The Red Army in 1941 was a flawed force in a state of upheaval and nowhere yet ready for war. It was such precisely because of the combined shocks of an overly ambitious expansion, a sweeping reorganization and a murderous purge. The enormous scope and ambition of the effort to prepare the country for war actually worked against its purpose and undermined its effectiveness. On the eve of war Soviet defenses were nowhere near as robust as they should have been given the extent of energies invested into them.
Prelude to Invasion
Hitler begun planning an invasion of the Soviet Union as soon as France had fallen and committed committed to it by December 1940.xxii The attack, code named Operation Barbarossa, would commence next summer.
Information gathered by the Soviet intelligence on the German buildup and intentions in the east was plentiful. Detailed and accurate reports from agents and military attaches abroad were received warning of a planned invasion. Military commanders and party officials from the border areas submitted reports detailing preparations for war taking place across the border. The ever increasing density of incursions by German reconnaissance aircraft, sometimes to a depth of one hundred kilometers, readily testified to the intention of the Germans. Despite these and many other indicators Stalin stubbornly refused to believe Germany was preparing to strike.xxiii
Stalin had more than enough information needed to foresee the German attack. Red Army commanders G.K. Zhukov and S.K. Timoshenko did so albeit they were privy to far fewer intelligence reports than Stalin. When they asked for preparatory measures to be taken they were rebuked by the dictator. The difference between his army commanders and the dictator was Stalin’s fear of disinformation. Facing a peculiar knowledge problem Stalin had access to vast number of various reports from his subordinates but no way of knowing if they were fully truthful or at least in part meant to mislead him. Consequentially he was inclined to mistrust reports and recommendations that went against his preconceptions. This being the case few would risk sowing suspicion about themselves in the dictator’s mind by offering dissent. As a result albeit there were those who did not share Stalin’s delusions, conditions for debate that may have swayed the dictator did not exist. Public debate on what the buildup meant was not possible in the state run press, and internal debate among officials was hampered by Stalin towering over the cowed state hierarchy.

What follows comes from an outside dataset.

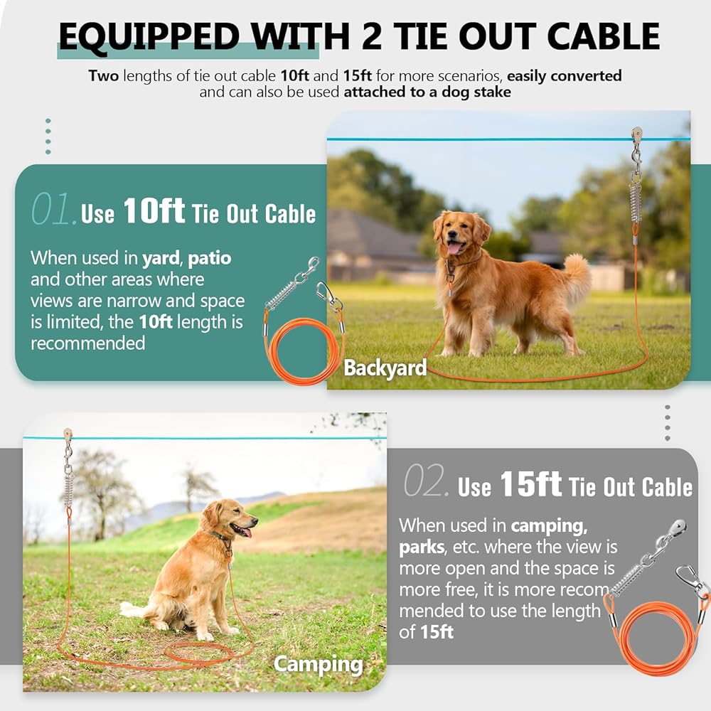 【نظام عربة الكلاب المحسن】حل احتياجات كلبك الخارجية بسهولة! على عكس أنظمة تشغيل الكلاب الجوية الأخرى الموجودة في السوق والتي تأتي فقط مع كابل ربط بطول 10 أقدام، يأتي متسابق الكلاب المتخصص الخاص بنا للفناء بطولين من كابل الربط بطول 10 أقدام و15 قدمًا لمزيد من السيناريوهات، و10 أقدام للحصول على رؤية أضيق للفناء الخلفي و15 قدمًا للتخييم في مناطق أكثر انفتاحا.

As reorganization of the armed forces would not produce a truly combat capable Red Army until summer 1942 it had left the Soviet Union vulnerable. Aware of this weakness Stalin was extremely fearful of a war with Germany. This translated into an obsessive preoccupation with avoiding provocation that may give the Germans cause to attack and trigger a war he believed could be avoided. To this end severe restrictions were placed on the Red Army. It was to limit its air activity, it was not to take up defensive positions, it was not to speedily mobilize, it was not to fire on border violators.xxiv Stalin was pursuing a policy of appeasement that was so extreme it was detracting from the ability of the Soviet Union to defend itself.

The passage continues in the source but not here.